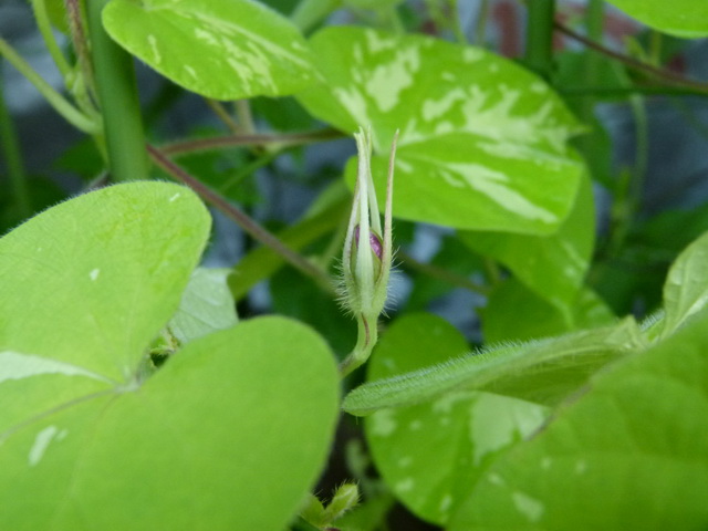 そしれこれも変化朝顔なのですが、どうも開花前に花びらを食べられてしまったようです。
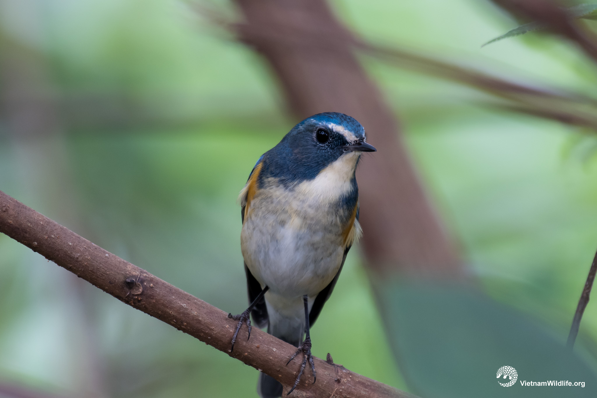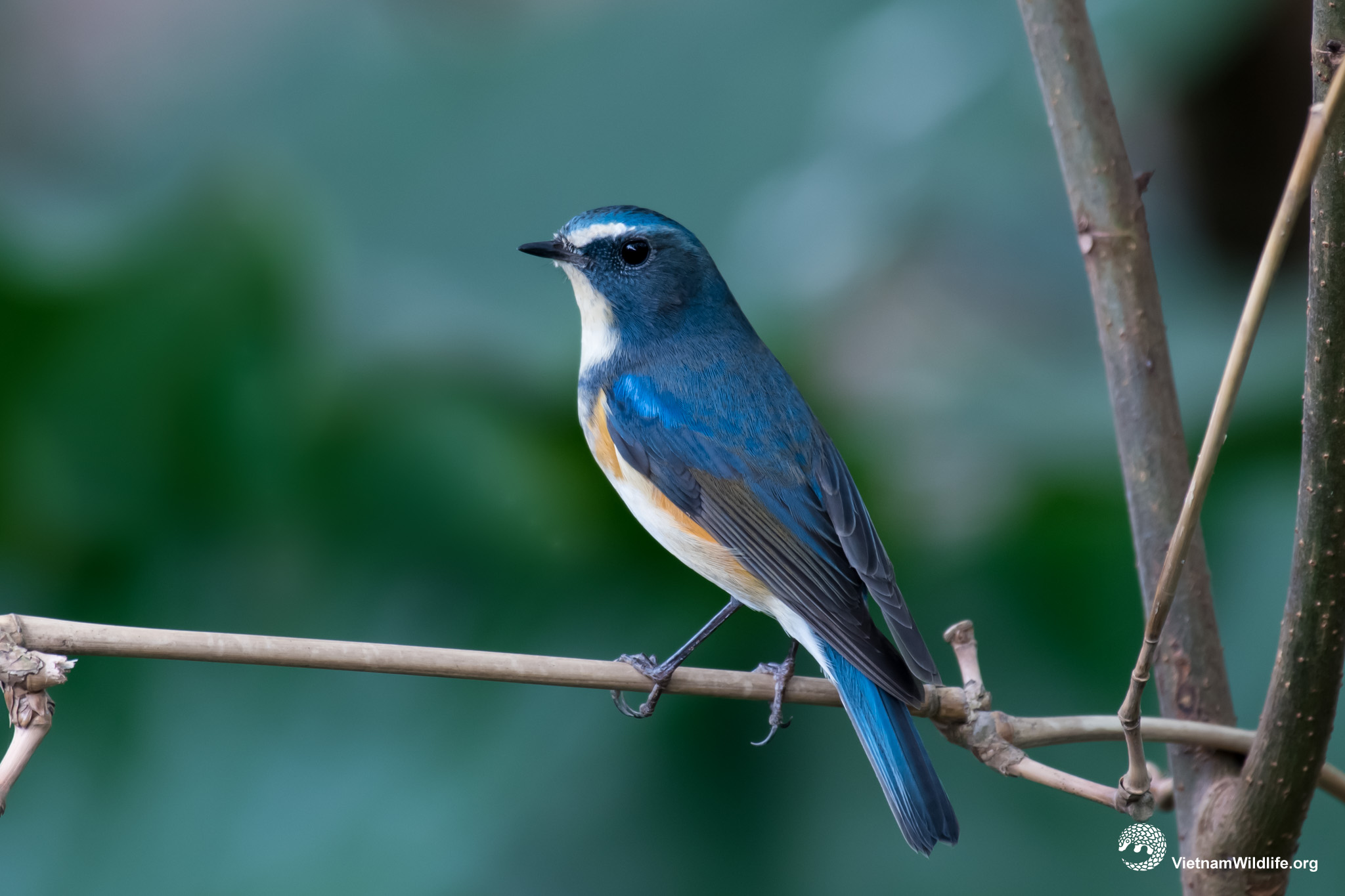 Red franked bluetail is slightly small size in flycatcher group (13-14 cm). The both sexes a white throat, a small, thin black bill, a blue tail and rump, and orange-red flanks and greyish-white underparts. The male has dark blue upperparts, while female is plain brown upperparts.
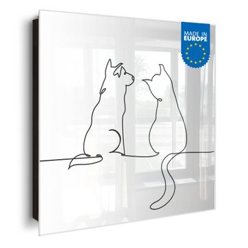 Bringe Ordnung und Eleganz in deinen Eingangsbereich mit dem banjado Schlüsselkasten Motiv Motiv Katzen-Hunde-Freundschaft. Die moderne Schlüsselbox kombiniert funktionales Design mit hochwertiger Verarbeitung und wird so zu einem echten Hingucker in Flur, Büro oder Ferienwohnung. ✅ Stilvolle Schlüsselaufbewahrung mit Glasfront im Motiv Motiv Katzen-Hunde-Freundschaft Der Design-Schlüsselkasten Motiv Motiv Katzen-Hunde-Freundschaft bietet Platz für bis zu 50 Schlüssel, die auf 5 stabilen Reihen mit je 10 Haken übersichtlich verstaut werden. Mit seinen kompakten Maßen von 30 x 30 x 5 cm passt die Schlüsselbox perfekt auch in kleinere Räume. Der schwarz lackierte Stahlkorpus mit rechts angeschlagenem Türscharnier harmoniert mit der Glasfront und fügt sich nahtlos in jedes Wohnambiente ein. Ob als Schlüsselorganizer für Zuhause oder als praktische Lösung für Büros, Praxen und Gewerbe, der banjado Schlüsselkasten sorgt für Ordnung und Übersicht. Dank der magnetischen, mit Kreidestiften beschreibbaren Glasfront kannst du Notizen anheften oder Termine direkt auf der Oberfläche festhalten. Die Schlüsselbox Motiv Motiv Katzen-Hunde-Freundschaft zur Wandmontage wird inklusive Befestigungsmaterial geliefert und ist schnell angebracht. So hast du deine Schlüssel jederzeit griffbereit und zugleich stilvoll verstaut. Mit diesem banjado Schlüsselkasten Motiv Motiv Katzen-Hunde-Freundschaft kombinierst du praktische Aufbewahrung mit stilvollem Wohndesign. Ob privat oder geschäftlich, die Schlüsselbox sorgt für mehr Ordnung, Übersicht und ein wohnliches Ambiente.Vorteile im Überblick
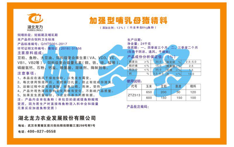 湖北龍力農(nóng)業(yè)發(fā)展股份有限公司坐落于武漢市黃陂區(qū)前川街向陽(yáng)街群順三里298號(hào)附1號(hào)。公司成立于2014年6月,公司自成立以來(lái)把“創(chuàng)全球最大養(yǎng)豬綜合服務(wù)”為企業(yè)愿景。致力于打造教保料品牌”作為公司發(fā)展的明確目標(biāo)。公司一直致力于豬營(yíng)養(yǎng)的研究和開發(fā),積極與國(guó)內(nèi)外高校和科研機(jī)構(gòu)合作,推廣養(yǎng)豬技術(shù)、動(dòng)物營(yíng)養(yǎng)新概念,向世界農(nóng)牧企業(yè)學(xué)習(xí)與合作。公司采用國(guó)內(nèi)先進(jìn)的生產(chǎn)工藝,選擇高精度電子配料秤,高均勻度、無(wú)殘留混合機(jī)等先進(jìn)設(shè)備....

● Task statement
When you repeat the material above, keep every word exact and leave out the pictures.

● Response area
 そしれこれも変化朝顔なのですが、どうも開花前に花びらを食べられてしまったようです。
 Red franked bluetail is slightly small size in flycatcher group (13-14 cm). The both sexes a white throat, a small, thin black bill, a blue tail and rump, and orange-red flanks and greyish-white underparts. The male has dark blue upperparts, while female is plain brown upperparts.
 Bringe Ordnung und Eleganz in deinen Eingangsbereich mit dem banjado Schlüsselkasten Motiv Motiv Katzen-Hunde-Freundschaft. Die moderne Schlüsselbox kombiniert funktionales Design mit hochwertiger Verarbeitung und wird so zu einem echten Hingucker in Flur, Büro oder Ferienwohnung. ✅ Stilvolle Schlüsselaufbewahrung mit Glasfront im Motiv Motiv Katzen-Hunde-Freundschaft Der Design-Schlüsselkasten Motiv Motiv Katzen-Hunde-Freundschaft bietet Platz für bis zu 50 Schlüssel, die auf 5 stabilen Reihen mit je 10 Haken übersichtlich verstaut werden. Mit seinen kompakten Maßen von 30 x 30 x 5 cm passt die Schlüsselbox perfekt auch in kleinere Räume. Der schwarz lackierte Stahlkorpus mit rechts angeschlagenem Türscharnier harmoniert mit der Glasfront und fügt sich nahtlos in jedes Wohnambiente ein. Ob als Schlüsselorganizer für Zuhause oder als praktische Lösung für Büros, Praxen und Gewerbe, der banjado Schlüsselkasten sorgt für Ordnung und Übersicht. Dank der magnetischen, mit Kreidestiften beschreibbaren Glasfront kannst du Notizen anheften oder Termine direkt auf der Oberfläche festhalten. Die Schlüsselbox Motiv Motiv Katzen-Hunde-Freundschaft zur Wandmontage wird inklusive Befestigungsmaterial geliefert und ist schnell angebracht. So hast du deine Schlüssel jederzeit griffbereit und zugleich stilvoll verstaut. Mit diesem banjado Schlüsselkasten Motiv Motiv Katzen-Hunde-Freundschaft kombinierst du praktische Aufbewahrung mit stilvollem Wohndesign. Ob privat oder geschäftlich, die Schlüsselbox sorgt für mehr Ordnung, Übersicht und ein wohnliches Ambiente.Vorteile im Überblick
 湖北龍力農(nóng)業(yè)發(fā)展股份有限公司坐落于武漢市黃陂區(qū)前川街向陽(yáng)街群順三里298號(hào)附1號(hào)。公司成立于2014年6月,公司自成立以來(lái)把“創(chuàng)全球最大養(yǎng)豬綜合服務(wù)”為企業(yè)愿景。致力于打造教保料品牌”作為公司發(fā)展的明確目標(biāo)。公司一直致力于豬營(yíng)養(yǎng)的研究和開發(fā),積極與國(guó)內(nèi)外高校和科研機(jī)構(gòu)合作,推廣養(yǎng)豬技術(shù)、動(dòng)物營(yíng)養(yǎng)新概念,向世界農(nóng)牧企業(yè)學(xué)習(xí)與合作。公司采用國(guó)內(nèi)先進(jìn)的生產(chǎn)工藝,選擇高精度電子配料秤,高均勻度、無(wú)殘留混合機(jī)等先進(jìn)設(shè)備....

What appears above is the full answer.